Table 1 shows the baseline characteristics of the cohort. The majority of the study subjects were female (81.9%) with a median age of 51 (39-57) years and white (85%). The etiology of PAH was mostly idiopathic at 64%. While left ventricular systolic function was normal, approximately one-half of the patients had grade I diastolic dysfunction on echocardiography. The majority of patients (152 of 155) did not have moderate or severe left heart valvular abnormalities on echocardiography. One patient had moderate mitral stenosis with a pulmonary capillary wedge pressure of 11 mm Hg and developed pulmonary edema. Two subjects had moderate mitral regurgitation, none of whom developed pulmonary edema. Hemodynamics were severely compromised with a median right atrial pressure (RAP) of 12 mm Hg (IQR, 7-17), mean pulmonary artery pressure of 55 mm Hg (IQR, 47-63), pulmonary capillary wedge pressure of 11 mm Hg (IQR, 8-16), and low cardiac index of 1.9 L/min/m2 (IQR, 1.6-2.4). The most common prostacyclin analog used was intravenous epoprostenol (86%), followed by intravenous treprostinil (11.6%) and subcutaneous treprostinil (2%).

Table 1.

Baseline Characteristics and Comparison of Patients by Development of Pulmonary Edema

Characteristic Overall
 No Pulmonary Edema
 Pulmonary Edema
 P Value
(N = 155) (n = 122) (n = 33)
Age, y 51 (39-57) 49 (39-56) 54 (43-60) .111
Male sex 28 (18.1%) 25 (20.5%) 3 (9.1%) .209
White 132 (85.2%) 103 (84.4%) 29 (87.9%) .827
BMI, kg/m2 27 (23-33) 27 (22-33) 29 (25-32) .472
PH subtype .045
 IPAH 99 (63.9%) 82 (67.2%) 17 (51.5%)
 CTD-PAH 36 (23.2%) 23 (18.9%) 13 (39.4%)

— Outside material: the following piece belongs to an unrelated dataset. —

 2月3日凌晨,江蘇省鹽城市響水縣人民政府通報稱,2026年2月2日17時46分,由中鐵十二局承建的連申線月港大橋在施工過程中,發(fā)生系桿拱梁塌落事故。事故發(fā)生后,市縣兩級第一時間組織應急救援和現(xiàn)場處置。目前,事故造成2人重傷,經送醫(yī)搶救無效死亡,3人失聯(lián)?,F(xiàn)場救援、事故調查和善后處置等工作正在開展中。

 Other 20 (12.9%) 17 (13.9%) 3 (9.1%)
DM 23 (15.4%) 16 (13.8%) 7 (21.2%) .376
CAD 13 (8.3%) 9 (7.4%) 4 (12.1%) .604
HTN 62 (41.9%) 46 (40%) 16 (48.5%) .502
Atrial fibrillation 8 (5.2%) 6 (5.0%) 2 (6.0%)

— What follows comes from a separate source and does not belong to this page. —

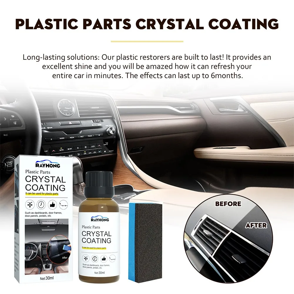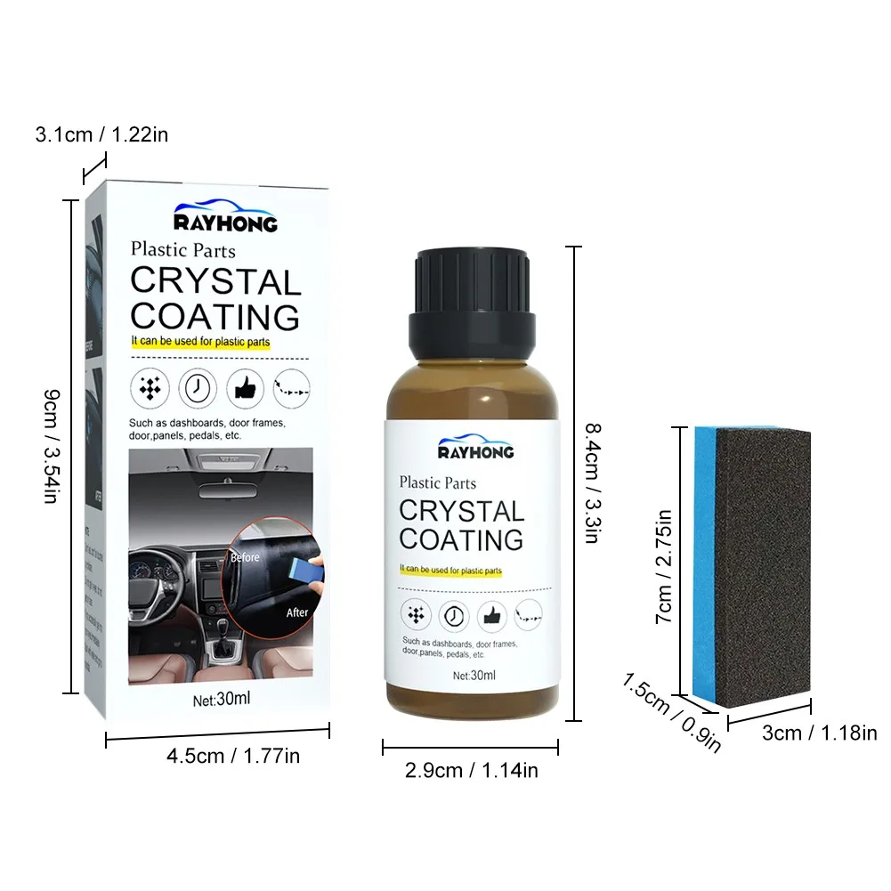 Plastic Restorer for Car Refurbish  30ml Plastic Restorer for Car with Sponge Long Duration plastics Parts Refurbishment Crystal Coating Refurbish Agent.
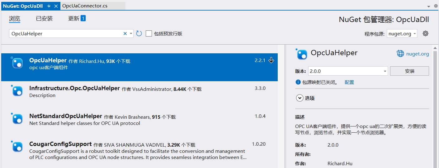 下载OpcUaHelper,用于OpcUa通信。

FVC % predicted 79 (66-89) 80 (68-90) (n = 101) 74 (62-80) (n = 24) .044
Dlco % predicted 58 (41-73) 63 (42-74) (n = 90) 46 (35-59) (n = 22) .032
Dlco < 55 % predicted 49 (43.7%) 34 (37.7%) (n = 90) 15 (68.1%) (n = 22) .01
LV ejection fraction, % 55 (55-60) 55 (55-60) 55 (55-60) .201
LV diastolic dysfunction 77 (50.7%) 62 (52.1%) 15 (45.5%) .632
RAP, mm Hg 12 (7-17) 10 (7-16) 17 (8-19) .005
mPAP, mm Hg 55 (47-63) 55 (46-62) 60 (49-69) .103
PAWP, mm Hg 11 (8-16) 10 (8-16) 12 (9-16) .31
CI, L/min/m2 1.9 (1.6-2.4) 2 (1.6-2.4) 1.7 (1.5-2.0) .054
PVR, Wood units 12 (8-16) 11 (9-15) 13 (9-18) .061
LA diameter, cm 3.61 (0.67) 3.63 (± 0.66) 3.56 (0.74) .649
LA size .146
 Normal 127 (84.7%) 98 (83.8%) 29 (87.9%)
 Mild enlargement 16 (10.7%) 13 (11.1%) 3 (9.1%)
 Moderate enlargement 6 (4.0%) 6 (5.1%) 0 (0.0%)
 Severe enlargement 1 (0.7%) 0 (0.0%) 1 (3.0%)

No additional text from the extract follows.